▶ **Available data**:

_ _ _ _ _

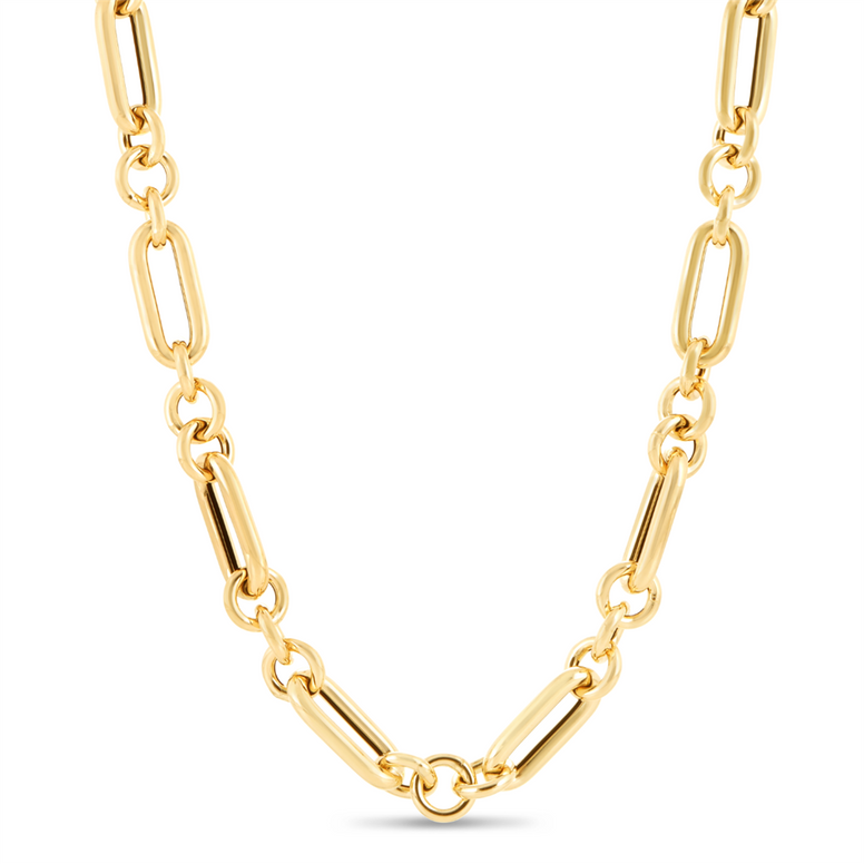 14K Gold Metropolitan Alternating Paperclip Round Links Chain Necklace
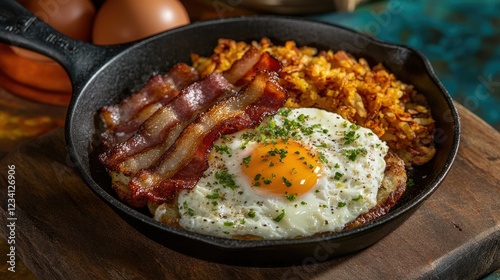 A rustic breakfast of farm-fresh scrambled eggs, crispy bacon, and golden-brown hash browns.
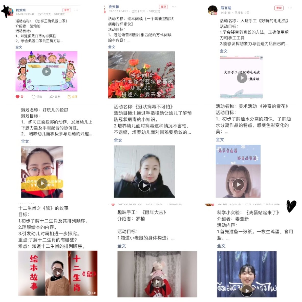 明光分部因未开园,所以一线教师都在各分园跟岗学习,疫情期间,她们和所在班级的老师们一起并肩携手,尽自己的力量,积极参与到家教指导活动中,让疫情期间的孩子们也一样享受好玩的游戏,享受快乐。
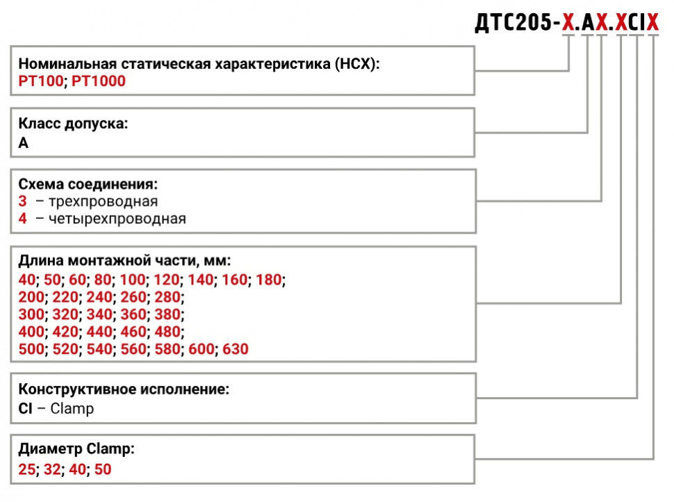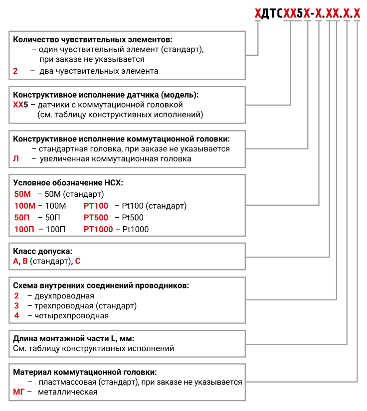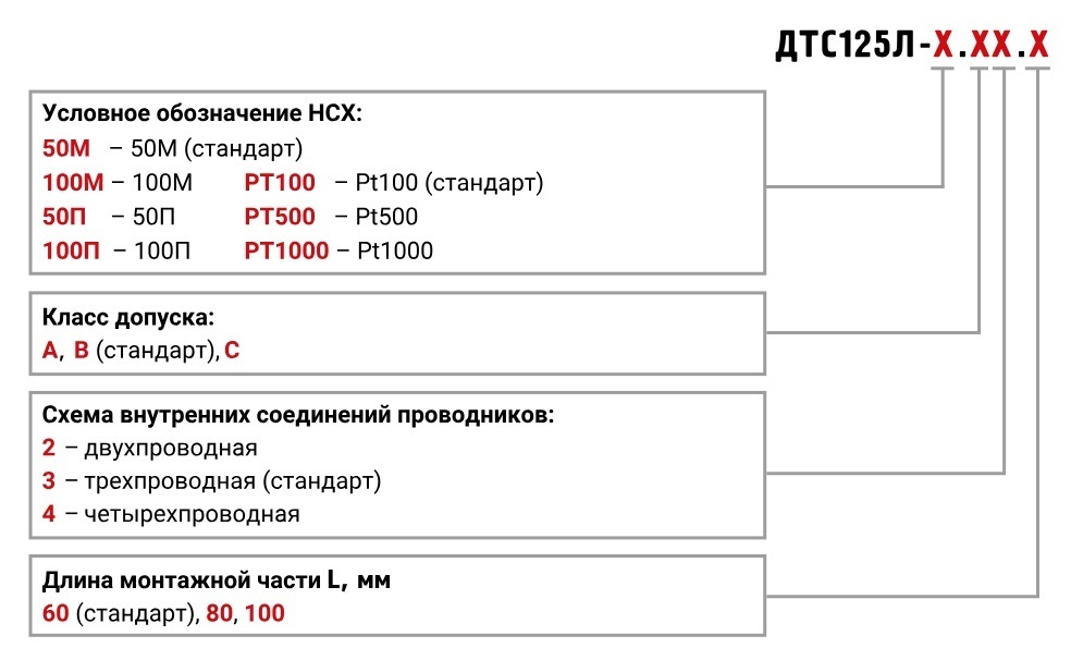 Пример обозначения при заказе: ДТС045-100М.В3.120.МГ Это означает, что к изготовлению и поставке подлежит термопреобразователь сопротивления медный 100М, модель 045, класс допуска В, с трехпроводной схемой соединений, длиной монтажной части 120 мм, с металлической коммутационной головкой, диапазон измерения: -50…+180 °С. Пример обозначения при заказе: ДТС125Л-100М.В3.80 Это означает, что к изготовлению и поставке подлежит термопреобразователь сопротивления медный 100М, модель 125Л, класс допуска В, с трехпроводной схемой соединений, длиной погружаемой части 80 мм, диапазон измерения: -60…+85 °С. Пример обозначения при заказе: ДТС065-РТ100.В3.120.G1/2 Это означает, что к изготовлению и поставке подлежит термопреобразователь сопротивления платиновый РТ100, модель 065, класс допуска В, с трехпроводной схемой соединений, длиной монтажной части 120 мм, с трубной резьбой G1/2, диапазон измерения: -50…+500 °С.

_ _ _ _ _

▶ **Aim of the task**:
Once the images are set aside, retype all of the material above exactly.

▶ **Output of the exercise**:
 14K Gold Metropolitan Alternating Paperclip Round Links Chain Necklace
 A rustic breakfast of farm-fresh scrambled eggs, crispy bacon, and golden-brown hash browns.
 明光分部因未开园,所以一线教师都在各分园跟岗学习,疫情期间,她们和所在班级的老师们一起并肩携手,尽自己的力量,积极参与到家教指导活动中,让疫情期间的孩子们也一样享受好玩的游戏,享受快乐。
 Пример обозначения при заказе: ДТС045-100М.В3.120.МГ Это означает, что к изготовлению и поставке подлежит термопреобразователь сопротивления медный 100М, модель 045, класс допуска В, с трехпроводной схемой соединений, длиной монтажной части 120 мм, с металлической коммутационной головкой, диапазон измерения: -50…+180 °С. Пример обозначения при заказе: ДТС125Л-100М.В3.80 Это означает, что к изготовлению и поставке подлежит термопреобразователь сопротивления медный 100М, модель 125Л, класс допуска В, с трехпроводной схемой соединений, длиной погружаемой части 80 мм, диапазон измерения: -60…+85 °С. Пример обозначения при заказе: ДТС065-РТ100.В3.120.G1/2 Это означает, что к изготовлению и поставке подлежит термопреобразователь сопротивления платиновый РТ100, модель 065, класс допуска В, с трехпроводной схемой соединений, длиной монтажной части 120 мм, с трубной резьбой G1/2, диапазон измерения: -50…+500 °С.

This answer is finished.